Results and discussion

Effect levels
Key result
Sex:
not specified
Dose descriptor:
LD50
Effect level:
> 7 940 mg/kg bw
Based on:
test mat.
Mortality:
Reduced appetite and activity ( three to five days)
Other findings:
Survivors ( 14 days): Viscera appeared normal

Applicant's summary and conclusion

Interpretation of results:
other: Not classified
Remarks:
according to the EU classification criteria outlined in Annex I of 1272/2008/EC (CLP)
Conclusions:
The LD50 of Santicizer 8 in rabbits after 24 hours was > 7940 mg/kg bw under the conditions of this test.
Executive summary:

To determine the dermal toxicity of Santicizer 8, an acute dermal toxicity study was performed on three New Zealand albino rabbits at a dosage level of 5010 and 7940 mg/kg bw.
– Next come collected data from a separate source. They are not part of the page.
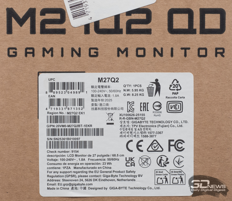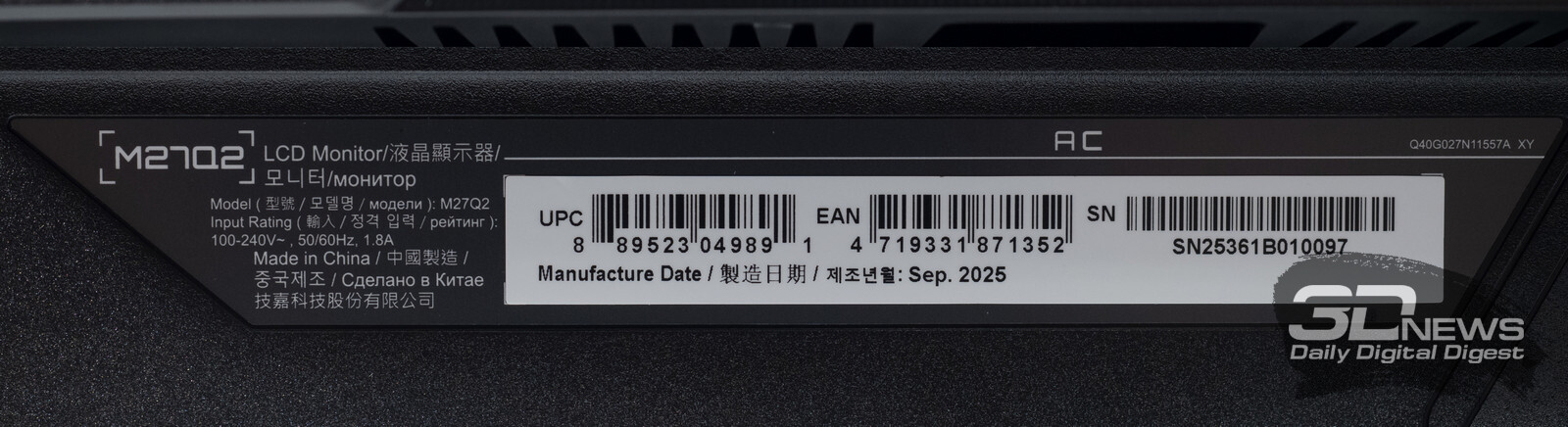 На одной из наклеек размещена важная информация, включающая номер партии, серийный номер, полное название модели монитора, его массу, страну и место производства (Китай), а также реального изготовителя – TPV Electronics (Fujian).
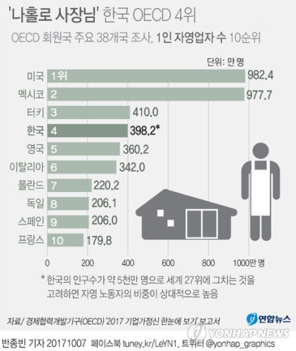 자영업의 나라 한국, '나홀로 사장님' 수 OECD 4위
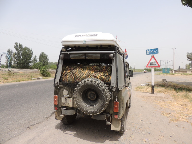 18th Day Today we left at 4.30. It was still night. At about 5 begins the dawn, the temperature is pleasant, + 25 ° C. We head to the south, we go to Tajikistan. We stopped at about 6:30 to make breakfast, have already + 30 ° C, rising to no more than 35 ° C during the day. A real relief. In a small country we buy gasoline and while we're at the petrol station from somewhere arrives a little dog who bites my left ankle, fortunately the bite is only superficial. Along the way we pass through several police checkpoints at which you must stop. Uzbekistan is very rich in gas, almost all cars are powered by gas and all distributors offer both methane and propane. The scenery is similar to northern Iran. Even today we got up to 1400 meters. The journey so it was not boring. At 12, we take the road M41 Pamir, Pamir Highway or Pamirski trakt in Russian. We'll still talk about it. At the Uzbek border the outgoing controlis even more rigorous then the incoming one. It 's very difficult to understand why, nowadays. However, we can cross the border in half an hour which is very fast. The control on the part of Tajikistan is faster even if carried out by following certain procedures. At the control they were attracted more by our origin, and not very interested in our luggages and car. In less than an hour we overcome even this border. There are works in progress along the road to Dushanbe (capital of Tajikistan), which causes a lot of troubles: construction sites, mud, dust, somebody is driving on the left, somebody on the right, somebody stops, theydrive fast and overtake all. We stop again to buy petrol. Here is not a problem to get it. A liter costs 0.66 Euros. We also wash the radiator of the UAZ to free it from mud, insects and other impurities accumulated during the 6500km we've run so far. Here, too, we meet lots of police patrols. The controls are frequent, both outside and in the towns. They stopped us immediately after refueling, with the radar. We are one of the slower vehicles, so they just say hello and let us go. In Dushanbe we found a hotel, a bit expensive to be honest, but there is a closed parking that gives us some confidence for the night. It's already almost dark and we decide to stop. Even today we have traveled 405 km. |

The LD50 of the test substance after 24 hours was > 7940 mg/kg bw under the conditions of this test. Santicizer 8 therefore does not have to be classified for acute dermal toxicity.

As a result, the substance N-Ethyl-o (or p)-toluenesulfonamide (NETSA) does not need to be classified for acute dermal toxicity according to the classification criteria outlined in Annex I of 1272/2008/EC (CLP).